Certo, Improta prefigura una mobilità “dolce e sostenibile”, con bike e car sharing, parcheggi di scambio e velocità commerciale, ma per fare un primo passo in questa direzione intanto occorrerebbe portare a bordo di un veicolo di trasporto merci «una percentuale di occupazione superiore a quella che i singoli operatori in questo momento riescono a garantire, e magari nel frattempo utilizzarlo per la differenziata e per raccogliere le merci per la consegna a domicilio da quel negozio, creando una piattaforma integrata e un sistema strategico per ottimizzare il tutto». I numeri parlano chiaro: oggi a Roma il 70% degli spostamenti avviene entro 10 chilometri e l'80% delle merci viene trasferito su gomma.

Quindi «serve un processo integrato» altrimenti si va rapidamente verso il collasso logistico. Nel corso del convegno l'assessore ha giustificato la prossima uscita di Atac dalla Unione Industriali di Roma con i costi dei sistemi di rappresentanza che oggi l'azienda alla canna del gas non si può permettere, in futuro si vedrà. Non è mancato un accenno alla “Notte bianca per pedoni, pedali e pendolari” che si terrà tra il 16 e il 17 maggio 2014, annunciata ieri dal sindaco e che vedrà l'interdizione del traffico privato nell'intera area urbana all'interno del Gra.

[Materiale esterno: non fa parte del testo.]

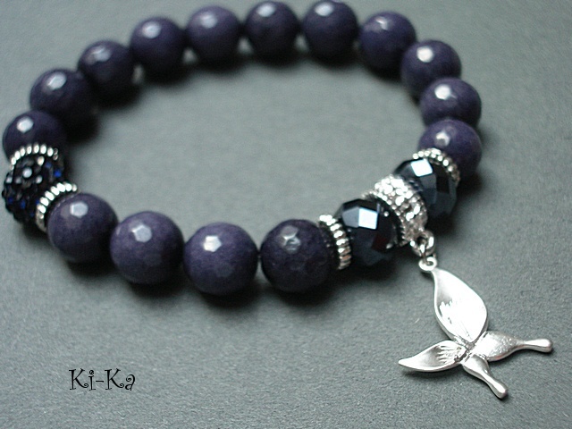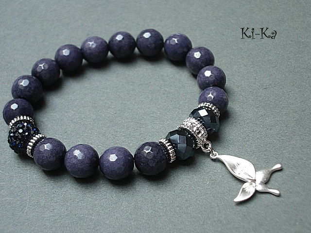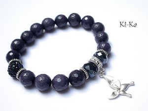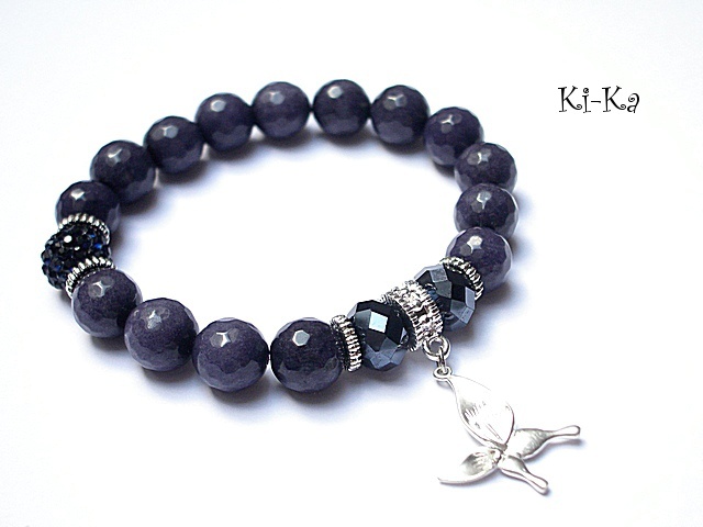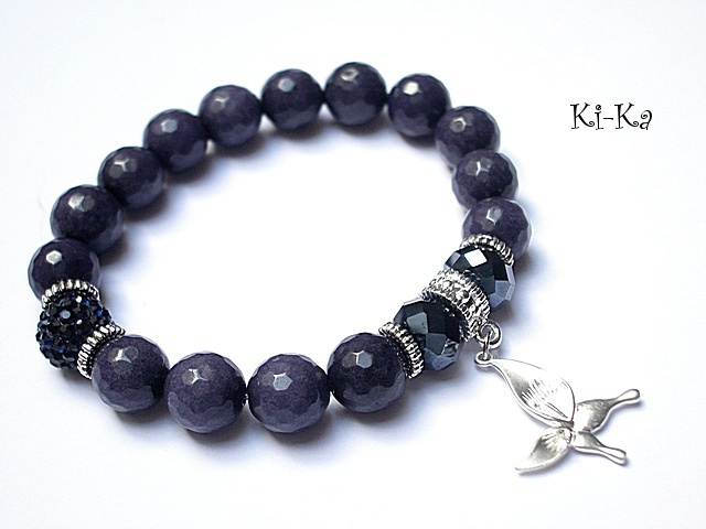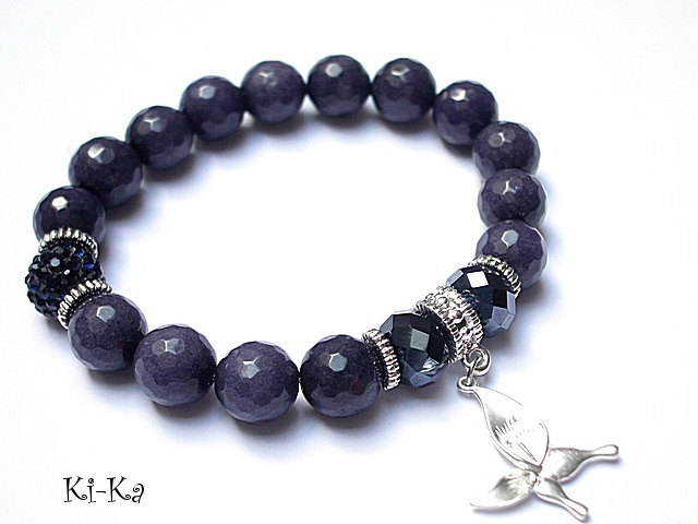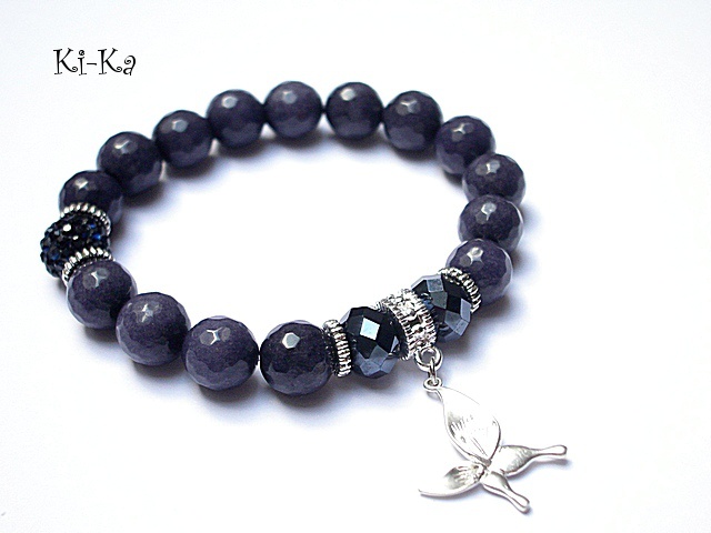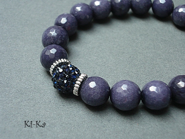 Bransoletka wykonana z kamieni naturalnych - jadeity [10mm],kryształki [10mm] ,kuleczki shamballa wysadzanej kryształkami Swarovskiego [10mm] oraz elementów w kolorze srebra. Bransoletka na gumce silikonowej. Pasuje na nadgarstek 15-16,5cm. Biżuteria ozdobnie zapakowana.

Un'idea che ha già scatenato numerose polemiche. «Ovviamente, come al solito, si sono sollevate le voci catastrofiste – ha commentato Improta – ma ormai siamo abituati al fatto che tutto ciò che viene proposto debba per forza determinare allarmismo….», ma lui è convinto che la risposta di Roma sarà del tutto positiva. E poi, di qui all'anno prossimo questa amministrazione avrà ben altre gatte da pelare.